Participants reported needing an average of 12 hours of release time per month to work on the Collaboratives, but only 22% of respondents actually received any. Half of the respondents thought that receiving no release time was acceptable. Only 3% received extra money for their Collaborative work from their health center. Among the respondents who were either team leaders or team members, physicians requested, on average, $825 per month extra beyond their salary for their Collaborative work, and non-physicians requested $444 per month extra. For the nonmonetary incentives, many respondents noted that they had received “none or a little bit” of personal recognition (62%), career promotion opportunities (82%), and skill/education development (55%).
When asked about areas where assistance from health center leadership was most needed, medical directors, team leaders, and team members thought that funding for direct patient care services was most important (45%), with significant support also for training in quality improvement techniques, data entry, assistance for getting buy-in from providers, creating an environment where the Collaboratives are high priority, and staff time for quality improvement.
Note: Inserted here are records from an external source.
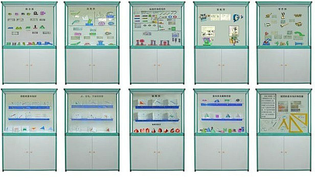 | 第一柜 制圖基本知識和技能 | 前言:1、尺寸標注;2、幅面;3、圖線;4、字體;5、線段與線框的意義;6、標題欄格式;7、圓錐、小圓錐、圓形量角器、鉛筆、橡皮擦、450三角板(二種)、600三角板(二種)、曲線板、多孔模板、丁字尺等。(丁字尺的使用;鉛筆的使用;圓錐的使用方法;分錐的使用方法;曲線板的使用方法;丁字尺和和三角板組合使用方法等由多媒體軟件講解演示) | 本套陳列柜采用121件動畫圖象配合陳列柜上的內(nèi)容在電腦上演示各種模型特點,如制圖工具的使用、投影產(chǎn)生過程、投影作圖步驟、裝配功能等、生動形象。 |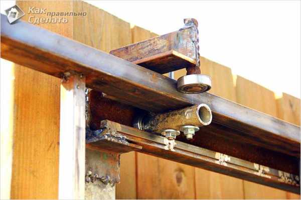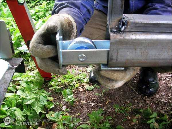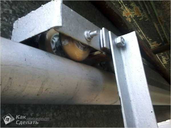 На опорные столбы со стороны ворот закрепляем вертикально трубы 60 х 60 (фальш-столбы) по высоте полотна плюс 10 см. Фальш-столб возле фундамента называется боковым и может быть выполнен в виде рамы, противоположный ему — приёмным или разгрузочным, так как он принимает и удерживает полотно между открываниями. К боковому столбу на нужной высоте прихватываем поддерживающую планку с роликами.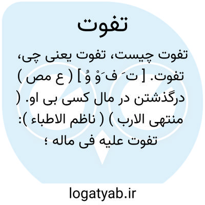 تفوت. [ ت َ ف َوْ وُ ] ( ع مص ) درگذشتن در مال کسی بی او. ( منتهی الارب ) ( ناظم الاطباء ): تفوت علیه فی ماله؛ فاته ُ و به. و به علی متعدی شده است متضمن معنی غلبه باشد. ( از محیط المحیط ) ( از اقرب الموارد ).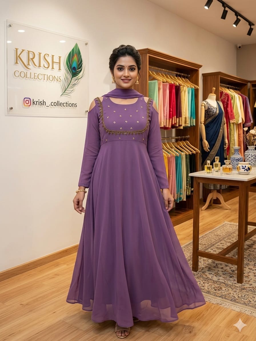 Gracefully designed Georgette salwar set that offers a flowy, elegant look — perfect for festive wear, outings, and special occasions. Lightweight fabric with comfortable lining ensures style with ease.

Respondents agreed that they needed additional support or resources to help patients with self-management (73%), improve information systems (77%), and get providers to follow practice guidelines (64%).
Incentives and Assistance: Principal = Bureau of Primary Health Care, Agent = Community Health Center
Chief executive officers and team leaders most frequently selected direct patient care services (44%) as an area where Bureau of Primary Health Care funding was most needed to improve the Collaboratives (), followed by funding for data entry (34%) and staff time spent on quality improvement (26%).
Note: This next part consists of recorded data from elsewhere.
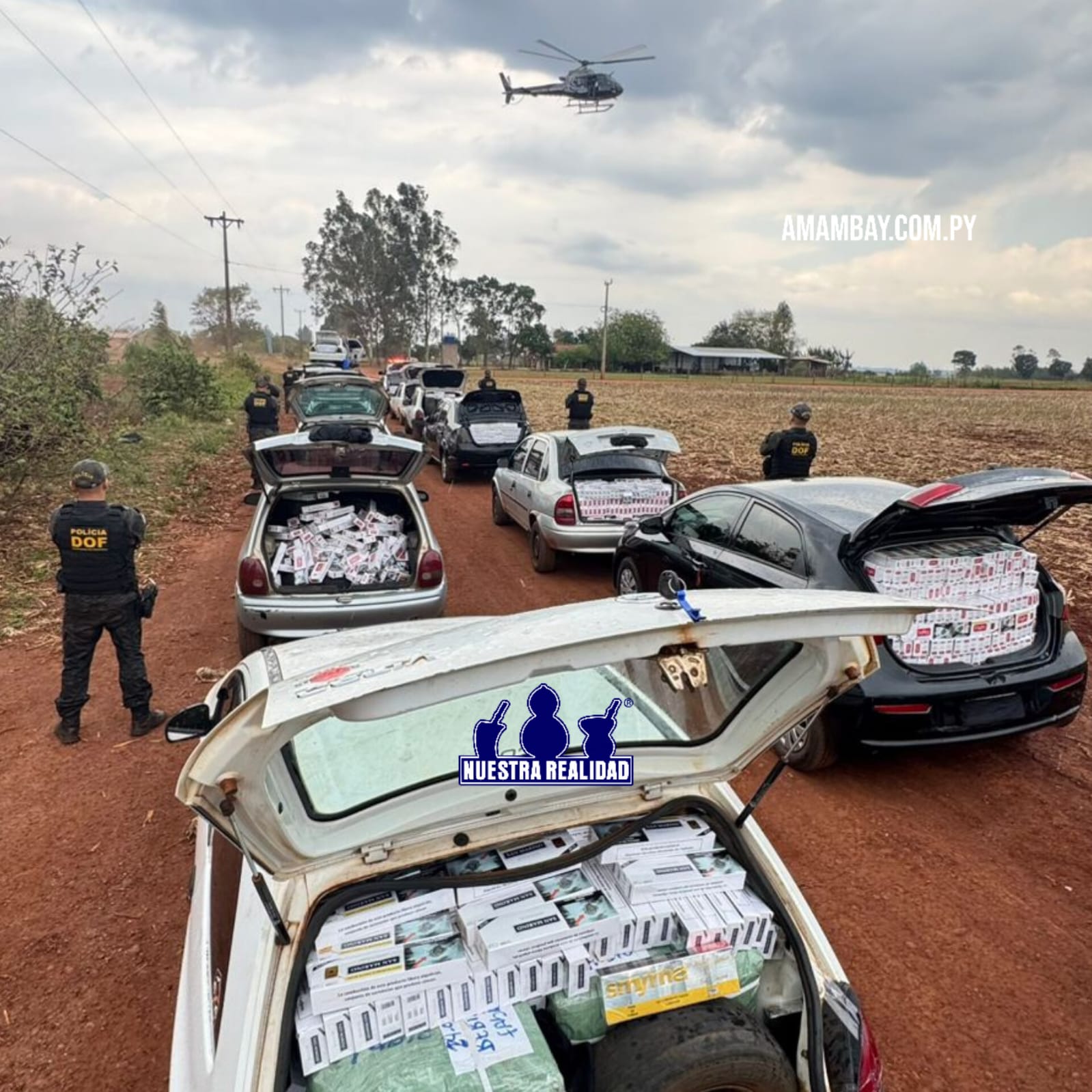 Com o apoio de uma segunda equipe do Departamento, do helicóptero Harpia do DOF e policiais da CGPA (Coordenadoria Geral de Policiamento Aéreo), outros sete veículos foram encontrados em um canavial próximo, onde cinco pessoas também foram detidas.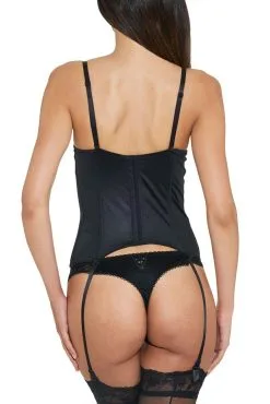 Edel und sexy! Verführerische Corsage mit Bügel aus weicher, elastischer Microfaser. Cups und Einsatz im Vorderteil aus besticktem Tüll in sinnlicher Transparenz. Die edle Guipure an den Cupseiten geht in die Träger über und endet an den kleinen Satinschleifen. Die vier festgenähten Strapse sind in der Länge verstellbar und werden von kleinen Schleifen geziert.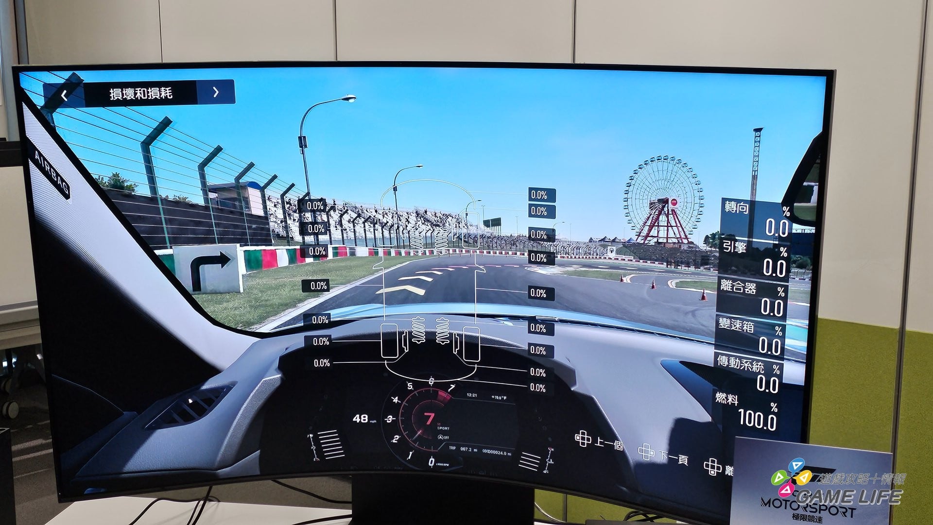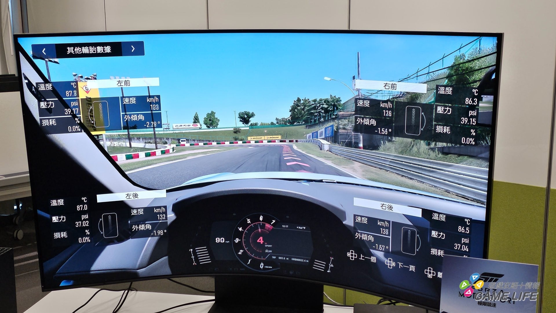 另外就是加入了各種可以觀察的計量表,玩家可以練習時切換各種介面去觀看數值計算自己的駕駛狀況,例如輪胎抓地力、輪胎當下溫度等等,藉此學習駕駛技巧。就這部份來看,可以理解到本作講求的擬真體驗,是真的可以讓玩家去訓練賽車技術,或者是讓現實賽車選手藉此來進行訓練。

Preferred Targeting of Funding and Assistance from Bureau of Primary Health Care and Health Center Leadership for Success of Health Disparities Collaboratives
Variation by respondent type and by paid protected time
Perceptions of the HDC and attitudes toward incentives differed according to respondent type, most notably in the areas of finance and motivation. Chief executive officers, medical directors and team leaders were more likely to disagree that funding was sufficient to run the Collaboratives as compared to team members and non-team staff (71%, 59%, 64% vs. 46%, 29%, p<0.0001). Chief executive officers were also less likely than team members and non-team staff to respond that center finances had improved as a result of the Collaboratives (12% vs. 21%, 33%, p<0.0001). Team leaders and team members were more likely than chief executive officers and non-team staff to report that the workload was not shared fairly (47%, 38% vs. 24%, 23%, p<0.0001).
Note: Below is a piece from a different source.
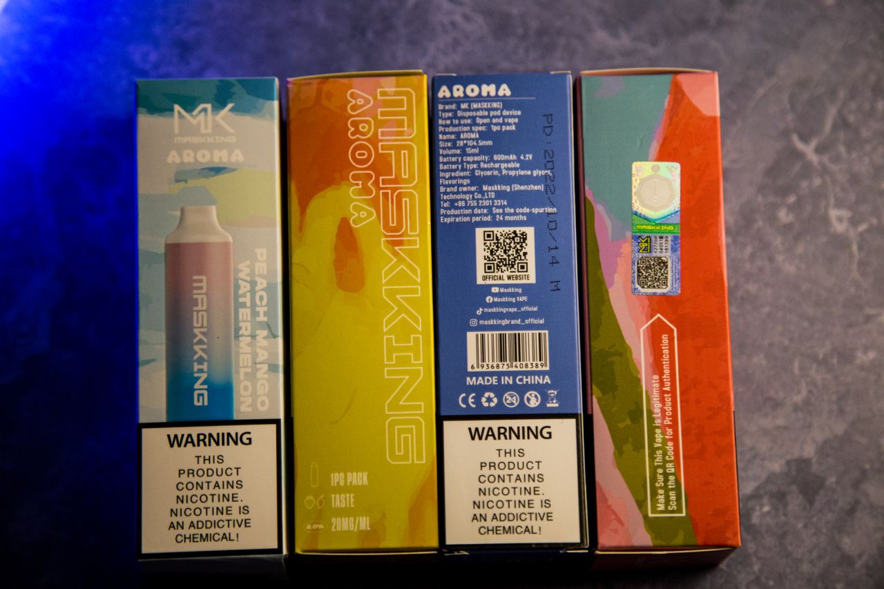 Maskking Aroma поставляется в матовых картонных коробках с отдельными элементами выделенными лаком. Цветовая гамма оформления зависит от выбранного сочетания. На лицевых гранях расположен логотип производителя, название линейки, название вкуса, содержание никотина, предупреждение на белом фоне и наклейка с голограммой для проверки подлинности. С обратной стороны упаковки помещен информационный блок: технические характеристики, состав, юридические данные, срок годности, контактные данные, маркировки, штрихкод и дата изготовления. На верхней и нижней крышке дублирован логотип компании.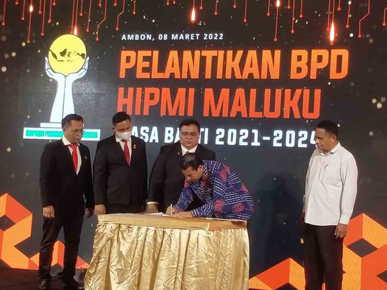 Penandatangan kesepakatan itu dilakukan usai pelantikan BPD HIPMI Maluku masa bakti 2021-2024 di Ambon, Selasa (8/3/2022).

Forty-one percent of centers that responded had no paid protected time for at least one of the following activities: data entry, use of registry data for patient needs, and leading quality improvement interventions. Centers with paid protected time for data entry, and use of registry data for patient needs, were less likely to report burnout compared to those centers without paid protected time (61% vs. 83%, p=.01 and 56% vs. 84%, p<.01, respectively).